What we do at work is more complicated than we think. This is mostly because we don’t think about it. The only time we contemplate the tasks ahead of us is when we start a new job, or when we come to review what we do. Both of these can be quite daunting.

My involvement now is in helping people come to an understanding of what they do, in particular around helping them to identify and buy some new technology. It is vital before you shell out hard earned cash that you are clear about what it is that you need. If you are not then you may as well throw your money away.

A simple technique that I use, I refer to as as a Bayeux Tapestry. It’s very old school, involving Post-it notes, Sharpies, Sellotape and flip chart paper, yet very effective.
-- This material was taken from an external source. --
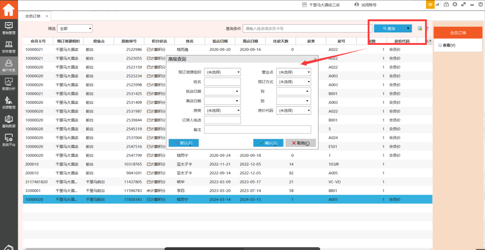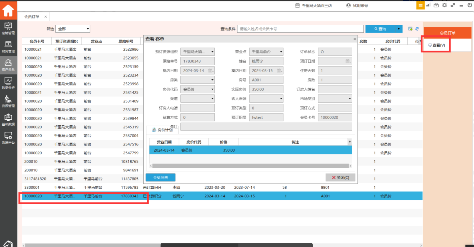 会员订单会显示会员消费的记录,选中记录后双击或点击右侧查看可以查看详细的记录。使用右上角查询功能,可以通过设置筛选条件来查询对应的记录
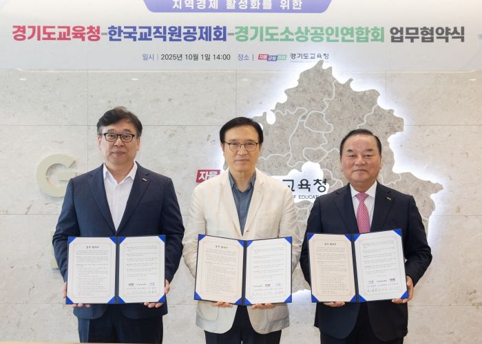 [ 타임즈 - 김시창 기자 ] 경기도교육청이 1일 남부청사에서 경기도소상공인연합회, 한국교직원공제회와 ‘지역경제 활성화를 위한 상생 업무협약’을 체결했다.

The Bayeux Tapestry is a long embroidered cloth which depicts the events leading up to the Norman conquest of England by William the Conqueror and ending with the Battle of Hastings, a part of history that all school children know. It is like a comic strip that tells a story and can be read as a flow of time from left to right.

The Bayeux Tapestry technique does something similar, though it doesn’t require 70 metres of cloth. A few sheets of flip-chart paper are stuck together and laid out on a table top. Them using Post-it notes and Sharpies you write the different components or activities that make up your processes on a specific coloured note and lay them in a timeline, left to right. Using Post-it notes means that you can move then about as you remember those things that had slipped your mind.

Then, using other coloured notes, identify those things that feed into the process, inputs, and those things that come out, outputs. Keep going until you run out of ideas or energy.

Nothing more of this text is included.